A Canadian who made great strides – literally and figuratively – in the service of information technology lost his life while doing so.

Ottawa native Sean Egan, 63, died today after leaving a Mount Everest base camp (located at a height of 17,500 ft). Egan had been suffering from a respiratory infection and was making his way to medical attention. (If Egan had made it to the mountain’s summit he would have been the oldest Canadian to do so).

Egan, who taught human kinetics, led a team of 20 climbers from Ryerson University and the University of Ottawa on the Everest expedition. The team arrived at the base camp on Feb. 25 this year.

Their mission was to set up a wireless network with a satellite link back to Ottawa.

For more than two months Egan and his team – plugged away under harshest conditions imaginable – to set up a state-of-the art network of wired and wireless laptops (including rugged laptops designed for severe conditions).

They completed the project last week, according to Tim Redpath, a spokesperson for the expedition.

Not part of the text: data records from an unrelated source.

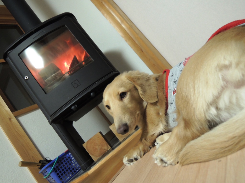 投稿日: 2014年2月8日こんな寒い日はこれに限る・・・ 今日(2月8日)は朝、目覚めたら雪景色 年に一回(?)は有ります降雪です 外気温はマイナス1度 こんな寒い日はこれが最高です 薪ストーブの前の一等地は我が家のワンちゃんが陣取っています 快適な場所って動物の方がより分かっているのですね!
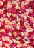 Maleriet viser en række farverige blomster, tæt pakket sammen, overvejende med lyserøde, hvide og lilla roser, ispedd nogle gule og blå blomster.
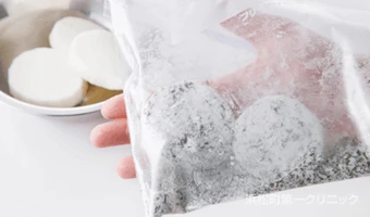 ジップロックに (A) をいれて均等に振り混ぜる。長芋をいれシャカシャカと振って衣をつけ、余分な粉をはたく。
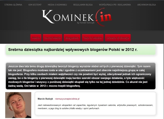 styczeń 2013 – Marcin Budzyk wśród Najbardziej Wpływowych Blogerów 2012 roku

Egan took a turn for the worse around that time. “Sean had been feeling unwell at base camp for about a week,” said Redpath. “He decided to head down the mountain, acclimatize and get better quicker. Unfortunately he had a cardiac arrest.”

But the network Egan set up with his team lives on as a testimonial to his heroic efforts.

It allows researchers to swap files and back up data on other laptops. It also includes a video conference unit that enables visual communication with researchers in Ottawa and Toronto.

The Everest base camp network will be linked via an ISDN satellite phone to a disaster recovery site at the offices of Ottawa-based Kanatek Technologies Inc., an independent storage integrator.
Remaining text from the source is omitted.